Sebastião Pereira do Nascimento*
A história recente nos conta que o então candidato à presidência da república, Jair Bolsonaro, se elegeu vinculado à extrema direita, com referências pontuais ao nazismo e discursos elogiosos ao Hitler e à ditadura militar. Portanto, Bolsonaro exercia uma retórica extremista com referências que remontam os negacionismos históricos, do holocausto, da escravidão e dos direitos humanos em uma perspectiva extremista. Em que pese tudo isso, não é fácil entender como esse discurso violento não serviu de impeditivo para eleger Bolsonaro em 2018 e para os apoios políticos que recebeu durante o seu adverso governo.
Diante do ocorrido, é mais fácil entender que Bolsonaro foi eleito em decorrência de uma fragilidade política incitada por uma ruptura golpista e corroborada por pessoas que tinham no seu interior, além da falência intelectual, os mesmos ressentimentos esdrúxulos e tóxicos urdidos pelo então candidato que o elegeram. Ressentimentos que navegam pelo mar da estupidez e impulsionam os sujeitos acéfalos a praticarem as mesmas atitudes ameaçadoras ou no mínimo dar um voto de confiança, pois guardavam em si os mesmos desatinos do candidato.

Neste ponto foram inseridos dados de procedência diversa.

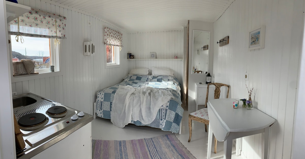 ¡Alquila nuestra casa de huéspedes en la hermosa Bohuslän! En un valle tranquilo, cerca tanto del mar como de los lagos. La cabaña tiene unos 35 metros cuadrados y consta de una sala de estar con cocina abierta, un dormitorio separado y un baño con ducha y aseo. La cocina tiene nevera con congelador, microondas, cafetera, tostadora y placa de inducción. El dormitorio tiene una cama doble (160 cm) y la sala de estar un cómodo sofá cama (160 cm). En julio y agosto, solo alquilamos semanalmente, de sábado a sábado.
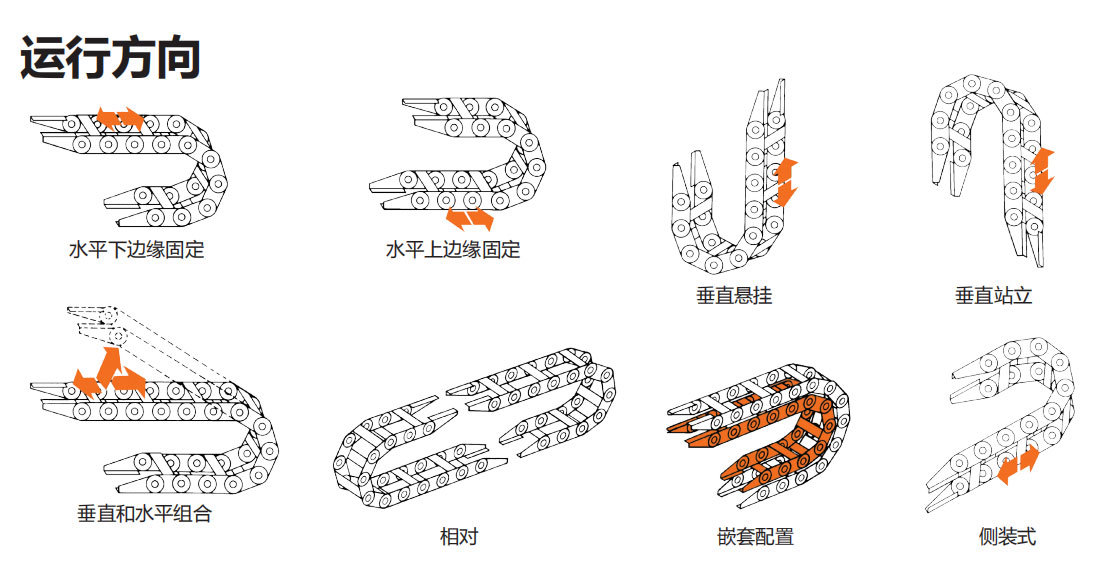 每个拖链都有一个无支撑的跨度。这一跨度是连接结构的一个条件,以及所承载的电缆和软管的全部重量。当拖链的无支撑跨距超过时,拖链开始下垂。当拖链ll重量超过其自由承载长度时,Dynatect将建议适当的支撑引导。有关负荷图,请参阅系列规格。
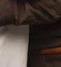 Mu isiklik lemmik on riidekapp, kus lugusid salvestan. Algse korteri pla neeringu järgi pidi magamistuba jao tuma kaheks, ühel pool garderoob ja teisel küljel voodi, ent jätsime vahe seina ehitamata ning ühte nurka läks lihtsalt seinast seina ulatuv riiulite süs teem riiete jaoks. Sealt jätsime pool kappi meelega maast laeni tühjaks, et sisse mahuks statiiv mikrile.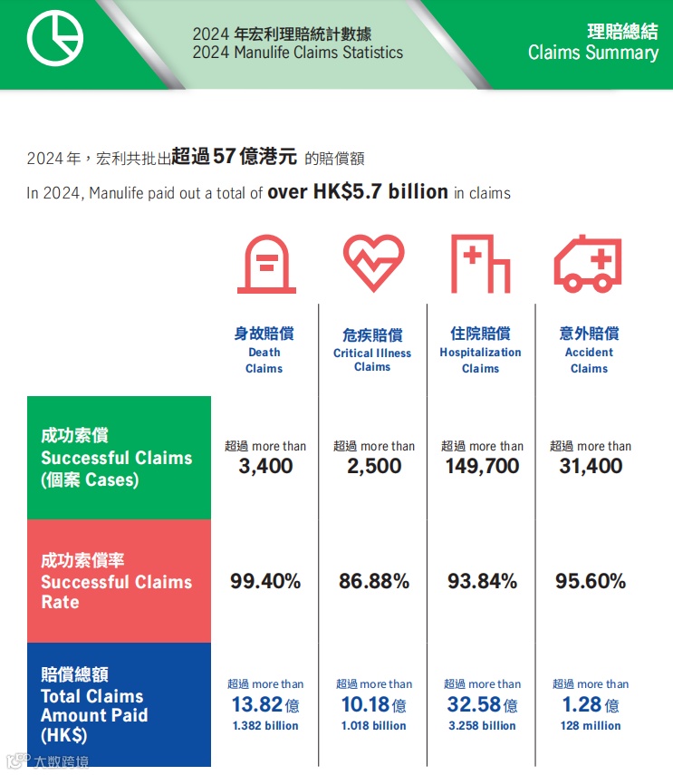 其2024理赔报告亮眼,全年赔付超57亿港元、18.72万多笔,成功率达94.12% 。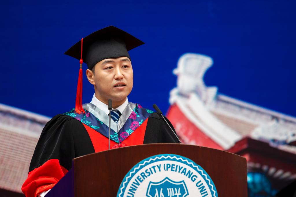理学院化学专业博士研究生李孟阳作为毕业生代表发言。通过回顾自己在天大五年的学习和生活,他更深刻地理解了天大人的家国情怀,理解了天大人勇于创新、不断挑战的追求,也践行着天大人要将祖国的需要作为自己的志愿的人生选择。在毕业择业之际,他在众多的高校、企业、科研院所中,选择了中国运载火箭技术研究院,将带着天大人的智慧和情怀去探索浩瀚宇宙。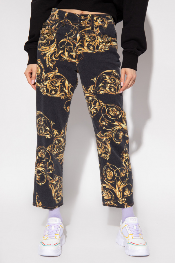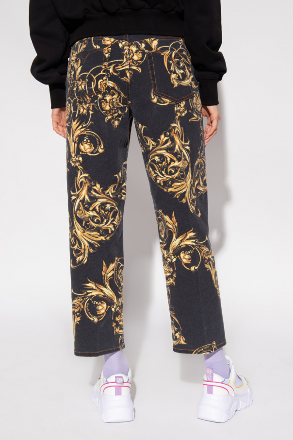 Black loose-fitting jeans from Versace Jeans Couture. Fastened with a zip and buttons, this pair features the label’s signature Regalia Baroque motif, logo patch, decorative buckle strap, three front pockets and two back pockets.

Dentre os principais episódios que assanharam os apoiadores de Bolsonaro, estão os turbilhões de acenos em alusão à ditadura, o fascínio pelo poder bélico, a falsa bandeira anticorrupção e a hipócrita valorização da família, dos bons costumes e da ordem patriótica. Seus apoiadores aplaudiam quando Bolsonaro prometia o desmonte das instituições de controle ambiental; a flexibilização das normas e dos trabalhos de fiscalização; quando dizia que não haveria mais demarcação de novas terras indígenas e áreas de conservação ambiental e que durante seu governo abriria a floresta amazônica e as TIs isoladas para as madeireiras, a mineração ilegal, o agronegócio e os grileiros de terras.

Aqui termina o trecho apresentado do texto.